In the records below, print each line exactly and leave every image out.

--- Source information Enclosed Below ---

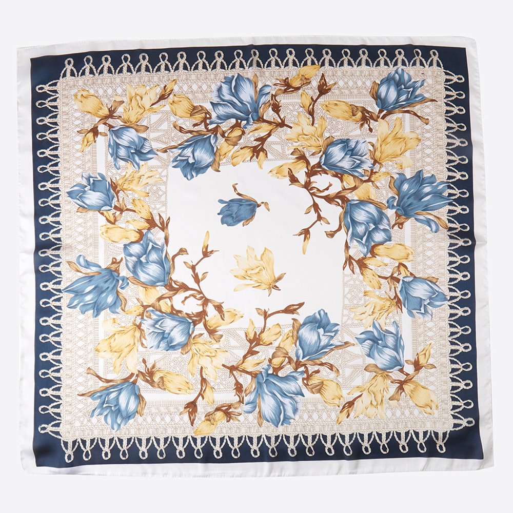Classy Floral Printed Square Silky Satin Bandana Scarf
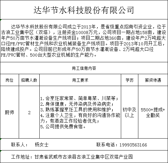 达华节水科技股份有限公司,位于古浪县古浪工业集中区双塔产业园,现招聘厨师2名,薪资:5500+提成+全勤奖,详情看图片介绍。联系人:杨女士
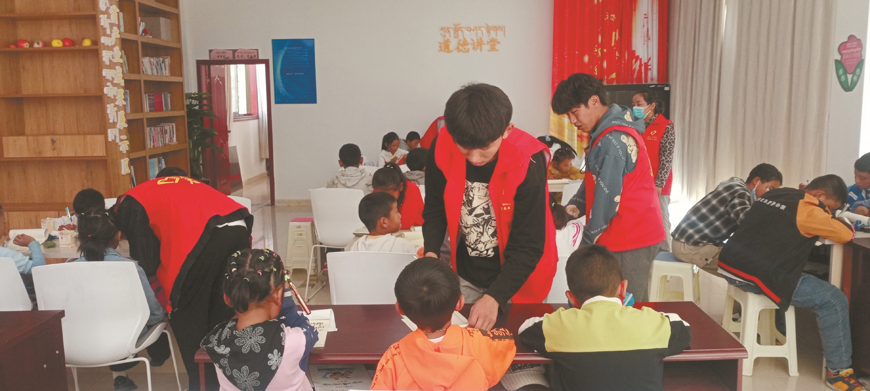 圖為7月25日,桑達(dá)村大學(xué)生為孩子們提供作業(yè)輔導(dǎo)、日間托管服務(wù)。 拉薩融媒記者 齊永昌攝
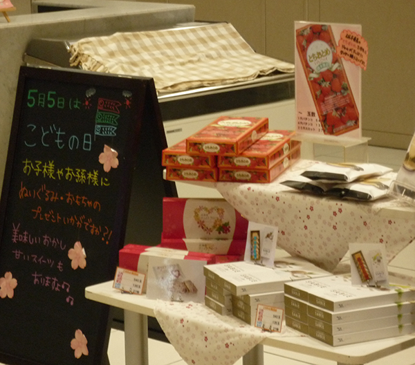 こどもの日にむけて、おもちゃやお菓子が用意されている賞品コーナーもみどころのひとつだ。
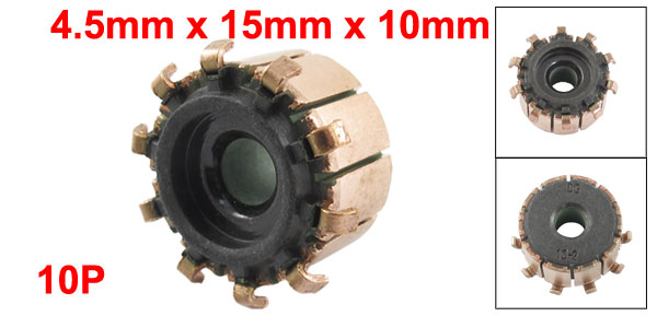 Product Name Motor Commutator Copper Bar Number 10P Total Length 4.5 x 15 x 10mm/0.2" x 0.6" x 0.4"(ID*OD*T) Material Copper, Feerite Color Copper Tone, Black Net Weight 4g Package Content 1 x Motor Commutator - Reviews

--- End of Enclosed Source information ---

*Exercise answer:*
Classy Floral Printed Square Silky Satin Bandana Scarf
 达华节水科技股份有限公司,位于古浪县古浪工业集中区双塔产业园,现招聘厨师2名,薪资:5500+提成+全勤奖,详情看图片介绍。联系人:杨女士
 圖為7月25日,桑達(dá)村大學(xué)生為孩子們提供作業(yè)輔導(dǎo)、日間托管服務(wù)。 拉薩融媒記者 齊永昌攝
 こどもの日にむけて、おもちゃやお菓子が用意されている賞品コーナーもみどころのひとつだ。
 Product Name Motor Commutator Copper Bar Number 10P Total Length 4.5 x 15 x 10mm/0.2" x 0.6" x 0.4"(ID*OD*T) Material Copper, Feerite Color Copper Tone, Black Net Weight 4g Package Content 1 x Motor Commutator - Reviews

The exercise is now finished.